478014,U49993435,OSEAT,Use of Premises,Outside Seating,Outdoor patio / amenity space for commercial o...,Christine McMahon,0.00,50.0,2019-09-25 11:36:11,2020-03-25 00:00:00,...,Mixed,0.0,3 Center Pz,Boston,MA,02108,154961,0302713000,42.359180,-71.060040
478015,U49993435,OSEAT,Use of Premises,Outside Seating,Outdoor patio / amenity space for commercial o...,Christine McMahon,0.00,50.0,2019-09-25 11:36:11,2020-03-25 00:00:00,...,Mixed,0.0,3 Center Pz,Boston,MA,02108,154961,0302717000,42.359180,-71.060040
478016,U49993492,TEMTRL,Use of Premises,Temporary Trailers,Temporary Construction Trailer at Herb Chamber...,Regina Olivieri,1000.00,53.0,2019-09-12 13:07:00,2020-03-12 00:00:00,...,Comm,0.0,1188 Commonwealth Av,Allston,MA,02134,424193,2101574010,,
478017,U4999352,DRIVE,Use of Premises,Driveway Installation,Owners would like to install a curb cut and a ...,Maria Dubrowski,2700.00,53.0,2012-05-30 14:28:59,2012-11-30 00:00:00,...,1-2FAM,0.0,46 Burroughs ST,Jamaica Plain,MA,02130,24047,1901861000,42.313220,-71.117130


## Preprocessing

We decided for our first pass at the data to simply get the frequency of each applicant and each owner in the dataset. 

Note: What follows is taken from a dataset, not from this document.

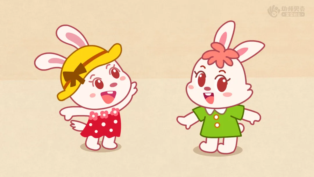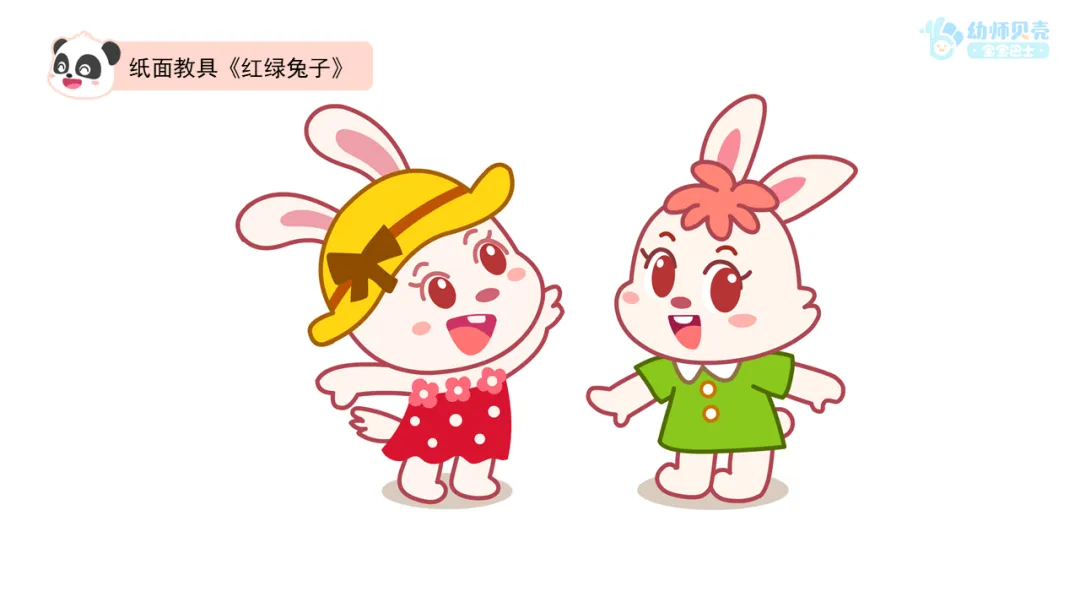——看看图片上是谁?对,穿红衣服的是红兔子,穿绿衣服的是绿兔子。
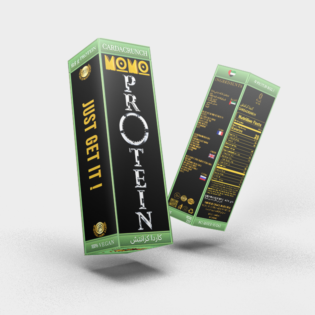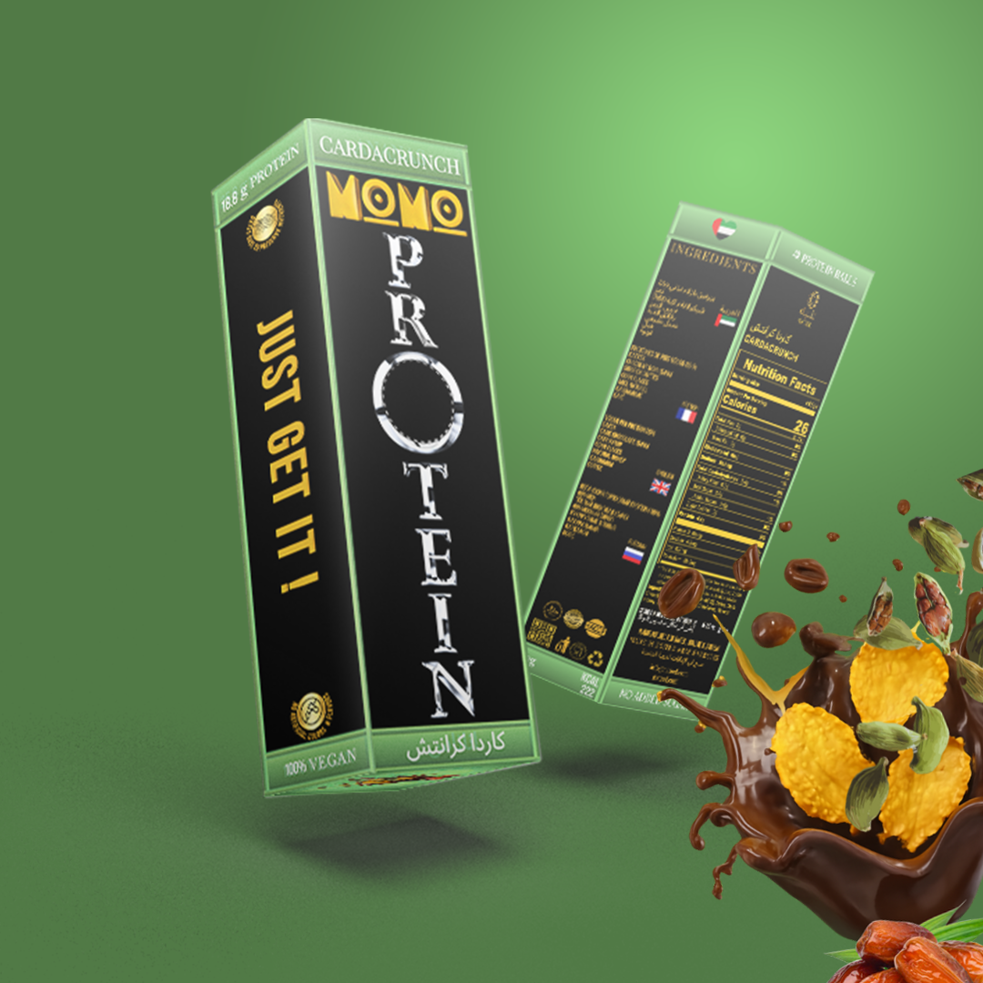 MOMO Protein Balls are packaged in eco-friendly, recyclable materials. The CARDACRUNCH flavor supports local agriculture and sustainable snacking, rooted in Dubai’s culture and values.

This will show us which individuals are applying for housing permits on behalf of an org the most and which orgs are requesting permits the most.

In [3]:
applicants = pd.DataFrame(df['applicant'])
owners = pd.DataFrame(df['owner'])
applicants

Unnamed: 0,applicant
0,Renee Santeusanio
1,Jusimar Oliveria
2,Andreas Hwang
3,
4,Ping Mandawe
...,...
478014,Christine McMahon
478015,Christine McMahon
478016,Regina Olivieri
478017,Maria Dubrowski


Here we fill all the missing entries with the string "na" and cast all the entries to strings

In [4]:
applicants.fillna("na")
applicants = applicants.applymap(str)

owners.fillna("na")
owners = owners.applymap(str)

Here we define a function for prepping a column to be encoded. To eliminate inconsistencies across how the names were entered, we make all the entries lowercase and remove the spaces.

In [5]:
def prep_df_column(col, generate_map=False):
    """
    col: A pandas column-frame of strings
    generate_map: Whether or not to generate a map of the original values to the edited values 

    Outputs the columm with all the entries set to lowercase and with spaces removed
    """
    new_col = col.iloc[:, 0]
    new_col = [name.lower().replace(" ", "") for name in new_col]
    col_map = dict()
    if generate_map:
        for i in range(len(new_col)):
            col_map[new_col[i]] = col.iloc[:, 0][i]
        return new_col, col_map
    else:
        return new_col

We utilize the label encoder that we saw in class to encode the different string values in the columns, since we just need to get a count of the distinct entries. It probably isn't quite necessary here but it will be useful for future processing to get a handle on it.

In [6]:
# we split the encoders into two so they can keep track of their inverse transforms
applcants_encoder = LabelEncoder()
owners_encoder = LabelEncoder()

# here we also optionally output the mapping between the preprocessed values and the original, which we can use for display purposes
# however, building the map takes longer than we'd like
# applicants_cleaned, applicants_map = prep_df_column(applicants, generate_map=True)
# owners_cleaned, owners_map = prep_df_column(owners, generate_map=True)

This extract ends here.